The particular book Blaine was holding was large and, Elder guessed, expensive. “Matisse,” Blaine said, “the new biography.”
Elder shook his head.
“Amazing, that he was still alive into the 1950s. Ten years, almost, after the end of the war. It’s difficult sometimes not to think of him as belonging to another century.” He smiled, catching his mistake. “But then, of course, he did. So did we all, that century and this.” He set the book back on its shelf. “Time, Mr. Elder, it leaves us all behind.”
“I was going to contact you,” Elder said. “Something else I wanted to ask.”
“Ask away. I’m meeting Anna in a short while, but until then...”
“That night at the hotel, when you left Irene Fowler in the bar...”
“Yes?”
“You don’t remember, as you were leaving, anyone approaching her, her table?”
“No.”
“Or hearing her laugh? You don’t recall hearing someone laugh?”
Blaine shook his head. “Not particularly, no.”
“And nothing she said, before you left, suggested she was expecting someone?”
“No.”
Elder nodded. “Your friend Brian Warren, that evening, how would you say he and Irene Fowler got along?”
Blaine gave it a little thought. “Well enough, I suppose.”
“No more than that?”
“No, I don’t think so.”
“Christine Dulverton, the other woman who was there, she seemed to think they’d hit it off pretty well.”
Blaine’s face took on a supercilious smile. “One thing I’ve discovered about women, Mr. Elder, they have an ability to find romance, even intrigue, breeding in the most unlikely soil.” He took a half step away. “You’ve met Brian Warren, I take it?”
Elder nodded.
“Not the most fertile ground for romantic fantasy, I should have thought. And as for anything else...”
“Anything else?”
“Mr. Elder, Brian Warren is not a violent man. A few dead birds on the glorious twelfth, salmon hauled out of some highland stream, those are all very well. Within his natural orbit, shall we say. I also believe that when it comes to bridge, he takes no prisoners. But if you were for one moment considering the possibility that he returned that evening for an assignation that became something darker, I would urge you to think again.”
&
nbsp; Elder extended his hand. “Thank you, Mr. Blaine. Thank you for your time.”

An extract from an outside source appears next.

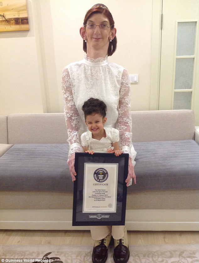Μια 17χρονη Τουρκάλα με ύψος 2.13 ανακηρύχθηκε επίσημα ως η ψηλότερη έφηβη του κόσμου από το βιβλίο των ρεκόρ Γκίνες. Το αφύσικο αυτό ύψος για την Rumeysa Gelgi προέκυψε από μια σπάνια γενετική κατάσταση που λέγεται Σύνδρομο Weaver. Η κοπέλα παρέλαβε το βραβείο της σε ειδική τελετή στην πόλη της, το Safranbolu.

Compared to Warren’s handshake, Blaine’s was deft and light, as if contact with another person in that way was not something he enjoyed at all.
MAUREEN PRIOR MET EVE WARD IN A CAFÉ ON THE ALFRETON Road, last year’s calendar still on the wall. Two rows of four Formica-topped tables with only a narrow space between. An elderly Rastafarian stood behind the counter, polishing, with infinite slowness, a battered metal teapot. The only customers, Eve Ward aside, were two young men in hoodies, who got up as Prior entered and pushed past her on their way to the door.
“Some people,” the Rastafarian said, “don’t feel comfortable with anyone they think might be police.” He smiled at her through broken teeth.
Prior assumed that rather than sniffing out her profession from the way she held herself or her self-effacing way of dressing, they had recognized her from a previous occasion. But you could never tell.
Eve Ward was sitting close against one wall, flesh loose on the bones of her face, lipstick bravely rather than wisely applied, her hair hennaed and roughly combed. She was wearing a dark wool coat that had seen better days and, beneath it, a mauve cardigan fastened with a safety pin. Chipped red polish on her nails.
Prior introduced herself and, after asking the other woman what she wanted, ordered two teas. “It was good of you to agree to see me,” she said, sitting down. “I won’t take up any more than’s necessary of your time.”
Eve Ward coughed and lit a cigarette. “What you want to waste your breath over that twisted bastard for beggars bloody belief.”
Without ceremony, their teas arrived.
“I wondered if you could tell me about what happened? The night you were attacked.”
“He went bloody crazy, didn’t he? Smacked me round the head and then tried to bloody strangle me. The bastard! Shame he’s not still rottin’ away inside.” She touched her finger ends gently against one side of her head. “Headaches I get all the time. Gettin’ worse instead of better, an’ all. Doctor says there’s nothing she can do, aside from give me pills. Hurts so much sometimes, I want to take a fuckin’ knife and gouge it out.”